54                    Coefficients are stored in time reversed order.
55   @par
56   <pre>
57       {b[numTaps-1], b[numTaps-2], b[N-2], ..., b[1], b[0]}
58   </pre>
59   @par
60                    <code>pState</code> points to a state array of size <code>numTaps + blockSize - 1</code>.
61                    Samples in the state buffer are stored in the following order.
62   @par
63   <pre>
64       {x[n-numTaps+1], x[n-numTaps], x[n-numTaps-1], x[n-numTaps-2]....x[n](==pSrc[0]), x[n+1](==pSrc[1]), ..., x[n+blockSize-1](==pSrc[blockSize-1])}
65   </pre>
66   @par
67                    Note that the length of the state buffer exceeds the length of the coefficient array by <code>blockSize-1</code>.

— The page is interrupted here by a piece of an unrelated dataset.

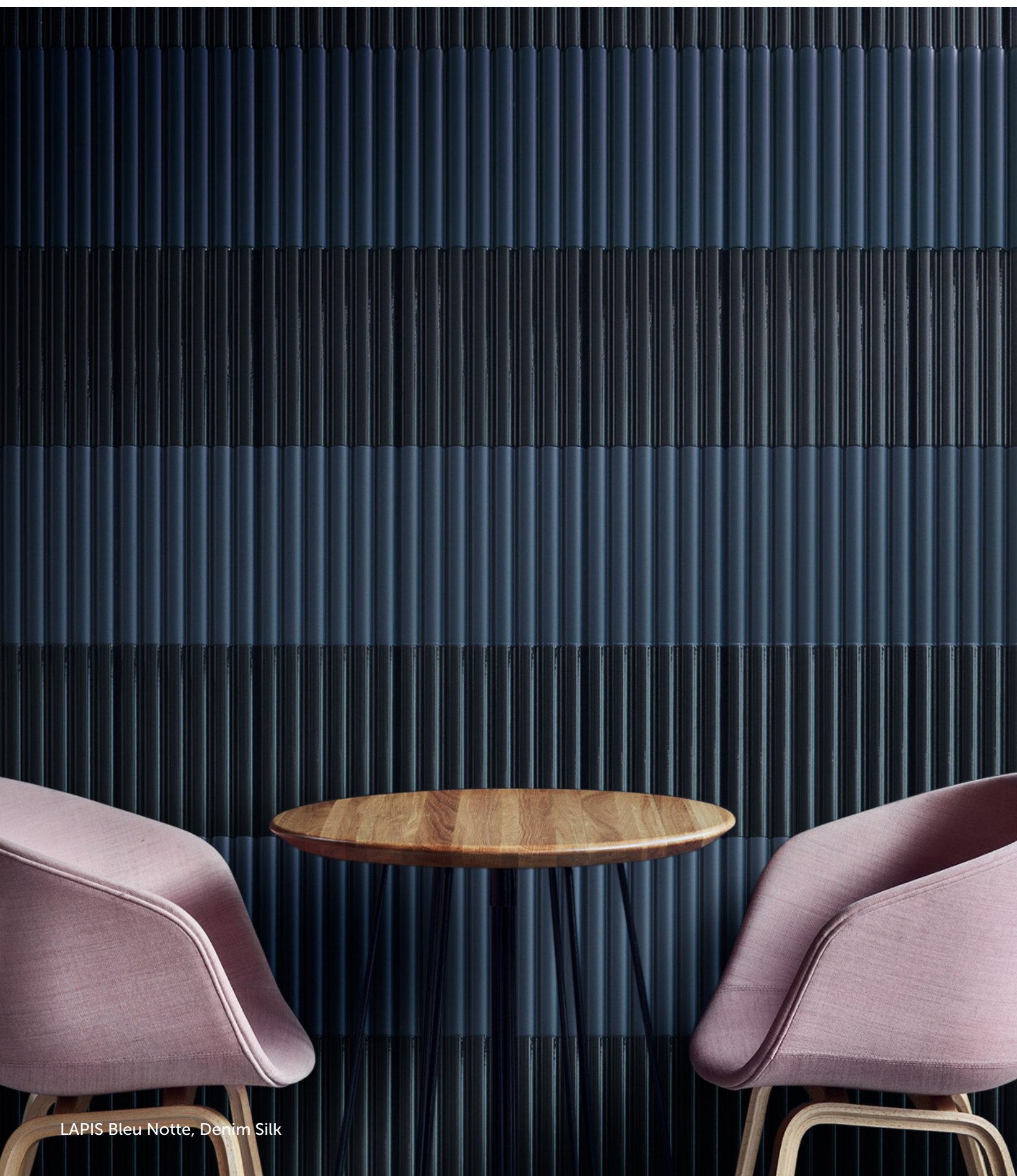
LAPIS Bleu Notte, Denim Silk

68                    The increased state buffer length allows circular addressing, which is traditionally used in the FIR filters,
69                    to be avoided and yields a significant speed improvement.
70                    The state variables are updated after each block of data is processed; the coefficients are untouched.
71 
72   @par           Instance Structure
73                    The coefficients and state variables for a filter are stored together in an instance data structure.
74                    A separate instance structure must be defined for each filter.
75                    Coefficient arrays may be shared among several instances while state variable arrays cannot be shared.
76                    There are separate instance structure declarations for each of the 4 supported data types.
77 
78   @par           Initialization Functions
79                    There is also an associated initialization function for each data type.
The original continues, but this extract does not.